Description of the task: Stop after the line with "博物館講座で日南海岸から日向". Up to that point, output every line of the listing below exactly from the first one onward, skipping pictures.

[[ Record extracts, beginning ]]

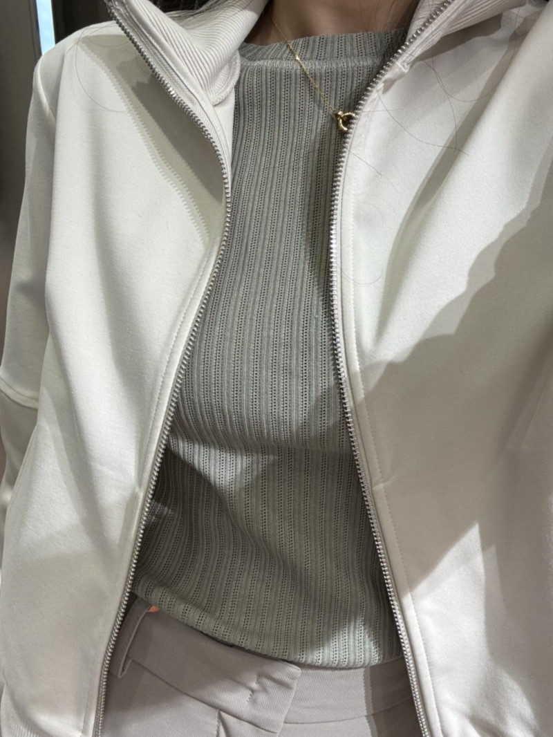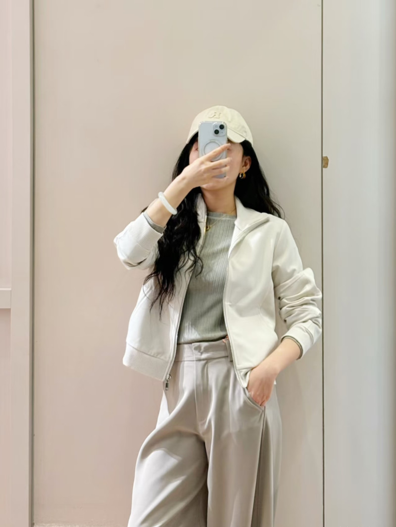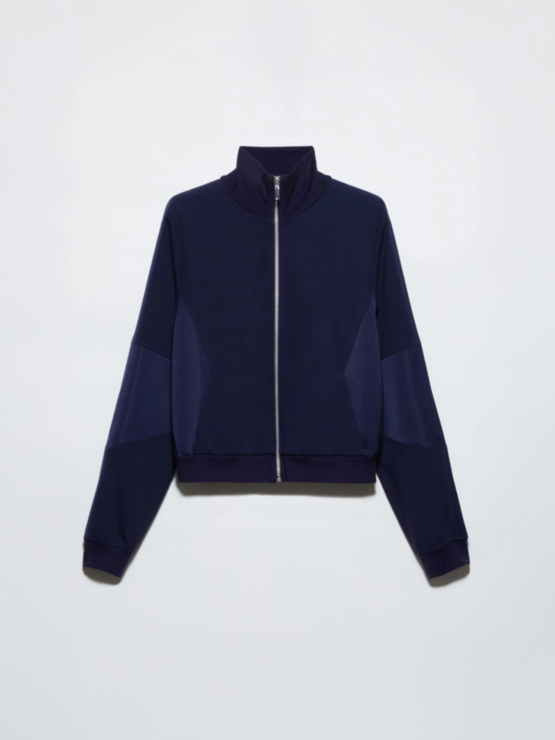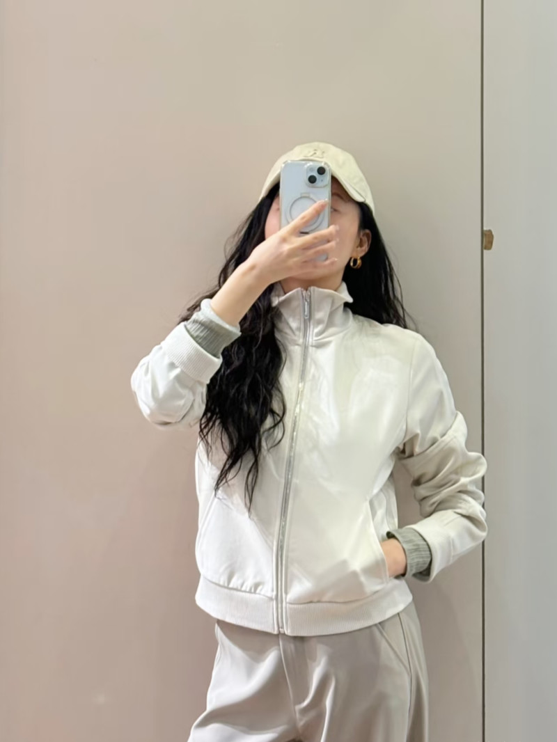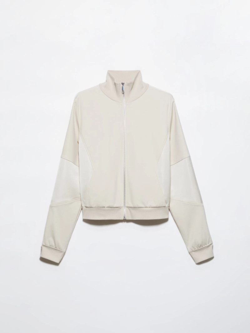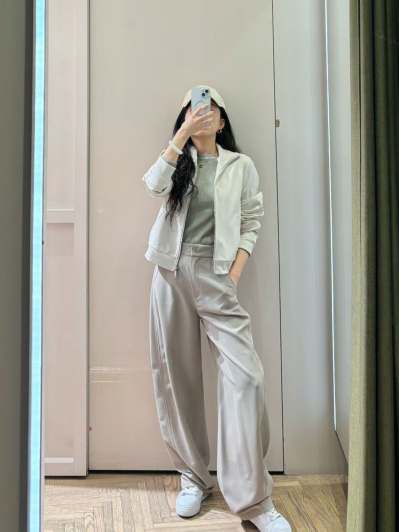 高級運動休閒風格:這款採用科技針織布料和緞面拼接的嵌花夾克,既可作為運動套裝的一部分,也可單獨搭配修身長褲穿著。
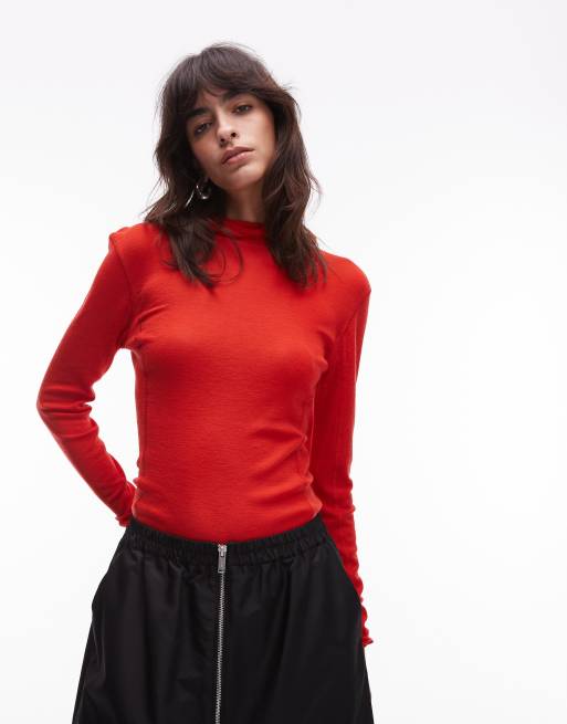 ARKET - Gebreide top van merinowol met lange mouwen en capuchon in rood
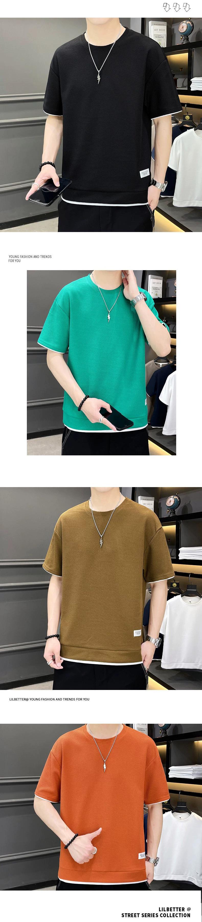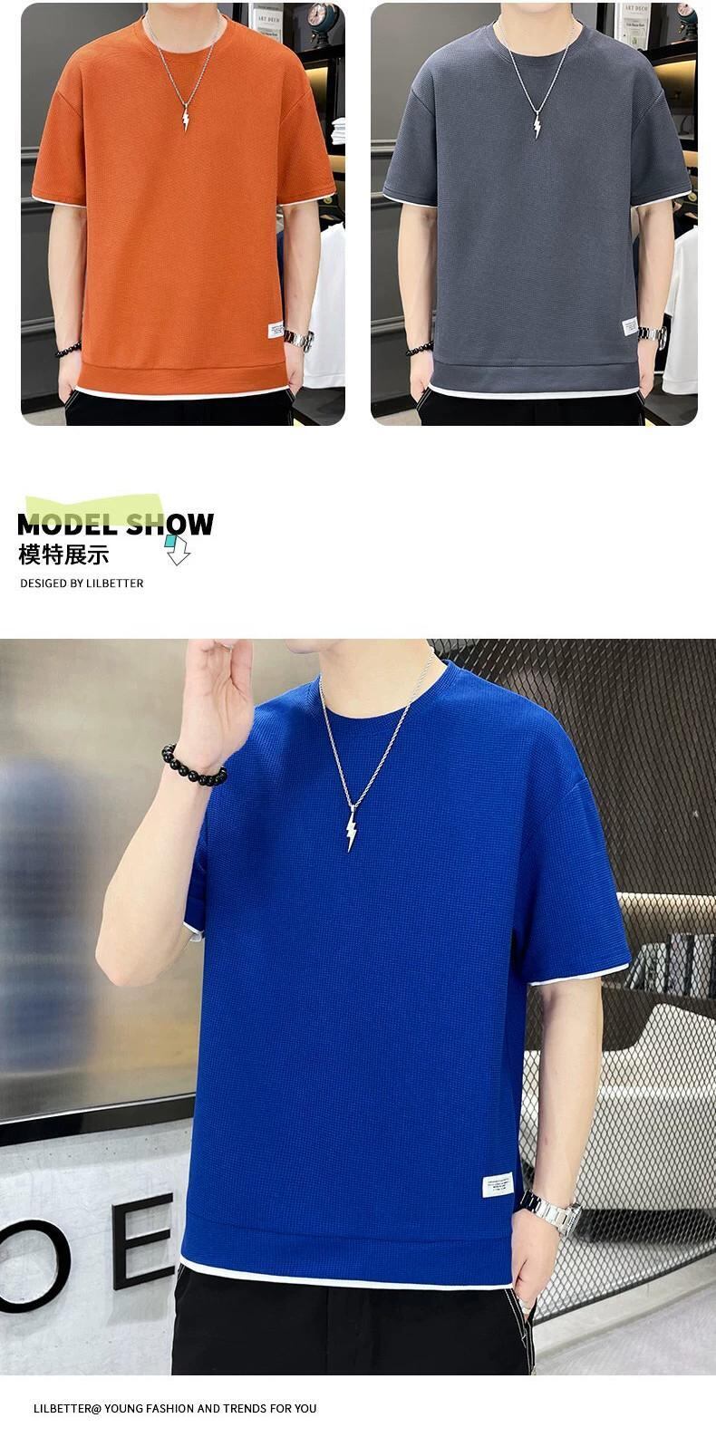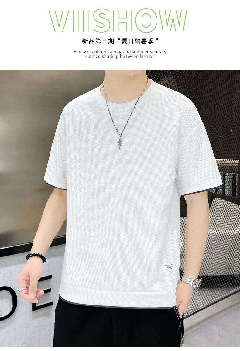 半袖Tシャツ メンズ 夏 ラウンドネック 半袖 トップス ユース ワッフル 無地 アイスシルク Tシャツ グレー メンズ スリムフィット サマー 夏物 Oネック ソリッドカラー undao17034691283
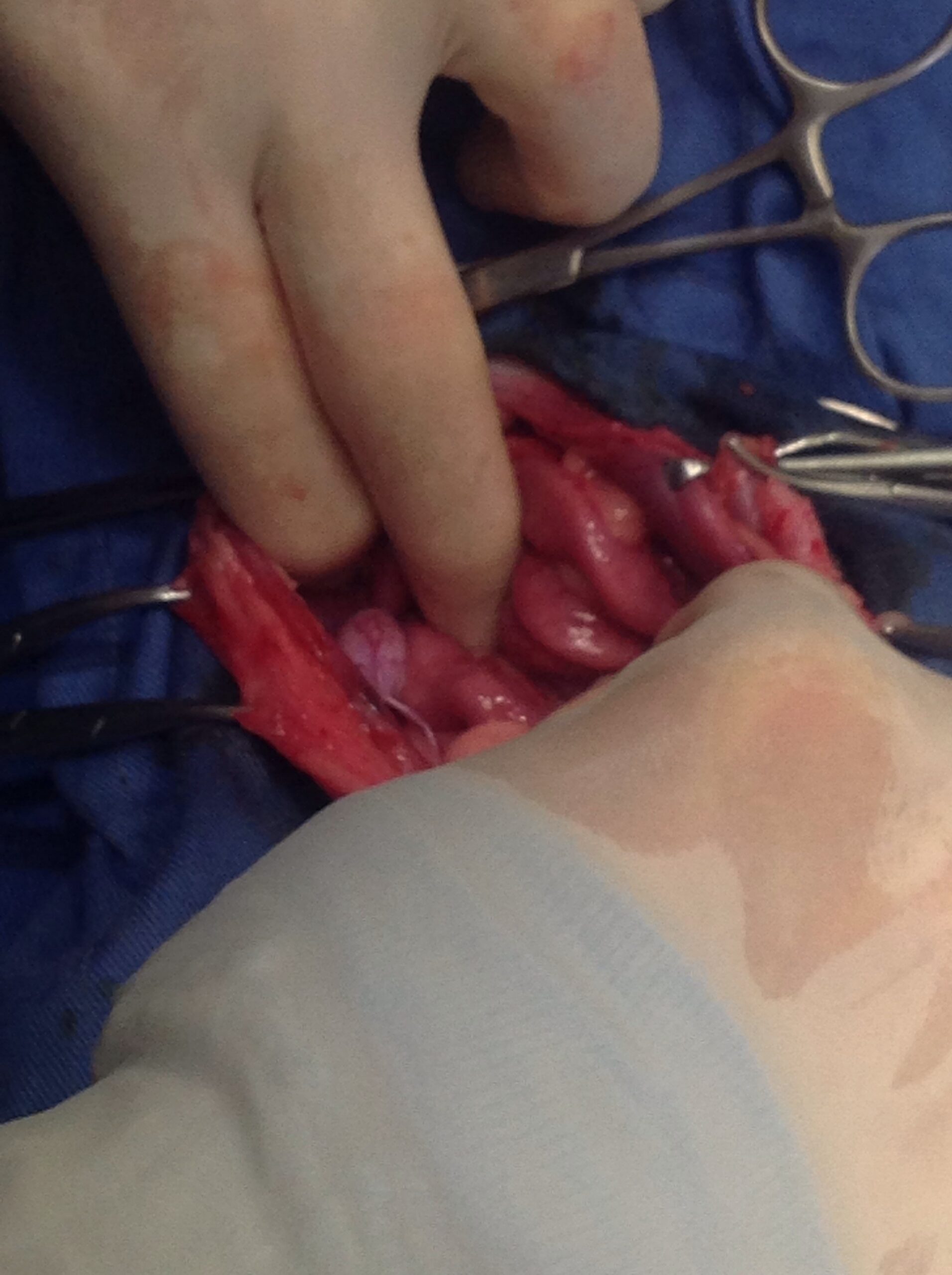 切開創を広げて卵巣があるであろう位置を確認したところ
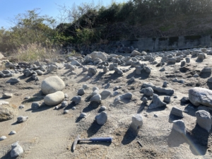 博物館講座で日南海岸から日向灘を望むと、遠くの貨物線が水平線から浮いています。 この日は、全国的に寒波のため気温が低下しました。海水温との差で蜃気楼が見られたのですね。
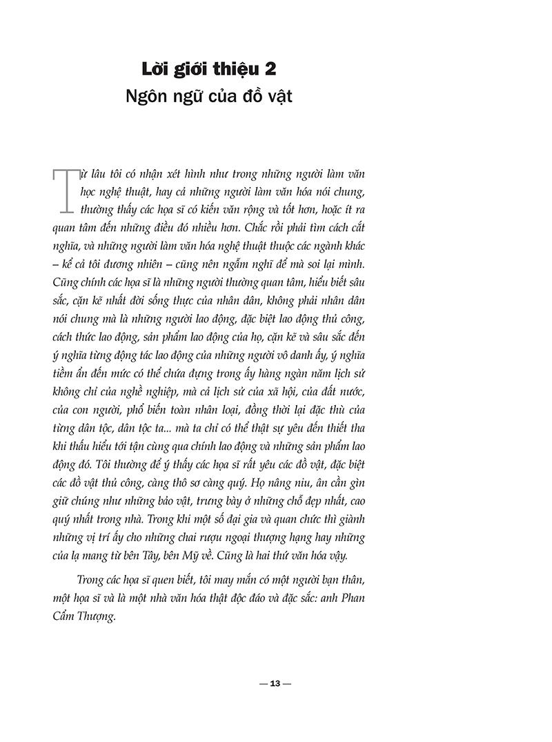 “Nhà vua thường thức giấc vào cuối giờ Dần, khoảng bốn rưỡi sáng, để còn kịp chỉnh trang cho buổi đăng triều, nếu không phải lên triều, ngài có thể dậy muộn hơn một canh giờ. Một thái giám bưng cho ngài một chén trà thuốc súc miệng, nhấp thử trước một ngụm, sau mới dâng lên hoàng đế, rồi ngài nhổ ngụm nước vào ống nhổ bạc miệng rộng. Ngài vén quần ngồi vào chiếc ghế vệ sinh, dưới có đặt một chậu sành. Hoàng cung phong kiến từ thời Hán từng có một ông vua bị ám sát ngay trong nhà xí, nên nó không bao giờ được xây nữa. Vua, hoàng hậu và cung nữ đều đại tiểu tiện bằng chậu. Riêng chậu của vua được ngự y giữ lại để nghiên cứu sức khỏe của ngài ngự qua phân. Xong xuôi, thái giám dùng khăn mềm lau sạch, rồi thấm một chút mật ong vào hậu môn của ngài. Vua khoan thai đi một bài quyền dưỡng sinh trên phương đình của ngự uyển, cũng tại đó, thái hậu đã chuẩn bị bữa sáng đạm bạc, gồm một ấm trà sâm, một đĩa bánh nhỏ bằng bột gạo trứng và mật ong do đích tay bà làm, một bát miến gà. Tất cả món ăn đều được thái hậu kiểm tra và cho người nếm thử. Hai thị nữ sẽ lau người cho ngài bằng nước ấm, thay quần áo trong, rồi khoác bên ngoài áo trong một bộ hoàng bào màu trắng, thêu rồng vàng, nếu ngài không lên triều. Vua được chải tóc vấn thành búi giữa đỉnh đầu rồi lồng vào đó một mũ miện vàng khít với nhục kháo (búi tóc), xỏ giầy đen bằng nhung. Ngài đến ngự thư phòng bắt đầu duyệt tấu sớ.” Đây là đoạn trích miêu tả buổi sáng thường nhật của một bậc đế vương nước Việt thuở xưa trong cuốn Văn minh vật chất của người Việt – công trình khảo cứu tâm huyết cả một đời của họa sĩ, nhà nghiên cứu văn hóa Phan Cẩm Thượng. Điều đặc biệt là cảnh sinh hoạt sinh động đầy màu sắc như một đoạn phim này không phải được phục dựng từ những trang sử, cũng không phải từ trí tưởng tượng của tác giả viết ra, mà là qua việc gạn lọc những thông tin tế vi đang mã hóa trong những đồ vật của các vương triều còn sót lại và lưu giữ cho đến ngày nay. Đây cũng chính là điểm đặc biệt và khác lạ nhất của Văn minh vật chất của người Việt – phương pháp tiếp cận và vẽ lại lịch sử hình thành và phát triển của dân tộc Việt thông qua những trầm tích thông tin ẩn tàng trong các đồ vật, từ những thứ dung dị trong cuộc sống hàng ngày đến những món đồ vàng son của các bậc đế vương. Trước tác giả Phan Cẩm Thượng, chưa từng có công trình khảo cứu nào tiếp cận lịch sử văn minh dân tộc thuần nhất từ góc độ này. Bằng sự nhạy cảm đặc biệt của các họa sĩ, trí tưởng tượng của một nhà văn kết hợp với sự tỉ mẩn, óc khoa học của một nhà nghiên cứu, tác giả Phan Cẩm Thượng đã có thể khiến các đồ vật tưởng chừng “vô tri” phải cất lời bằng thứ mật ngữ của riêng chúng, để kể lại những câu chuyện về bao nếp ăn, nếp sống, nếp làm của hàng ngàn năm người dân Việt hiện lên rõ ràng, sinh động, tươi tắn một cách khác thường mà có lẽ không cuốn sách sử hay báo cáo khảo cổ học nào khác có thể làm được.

[[ Record extracts, end ]]

Answer space:
 高級運動休閒風格:這款採用科技針織布料和緞面拼接的嵌花夾克,既可作為運動套裝的一部分,也可單獨搭配修身長褲穿著。
 ARKET - Gebreide top van merinowol met lange mouwen en capuchon in rood
 半袖Tシャツ メンズ 夏 ラウンドネック 半袖 トップス ユース ワッフル 無地 アイスシルク Tシャツ グレー メンズ スリムフィット サマー 夏物 Oネック ソリッドカラー undao17034691283
 切開創を広げて卵巣があるであろう位置を確認したところ
 博物館講座で日南海岸から日向灘を望むと、遠くの貨物線が水平線から浮いています。 この日は、全国的に寒波のため気温が低下しました。海水温との差で蜃気楼が見られたのですね。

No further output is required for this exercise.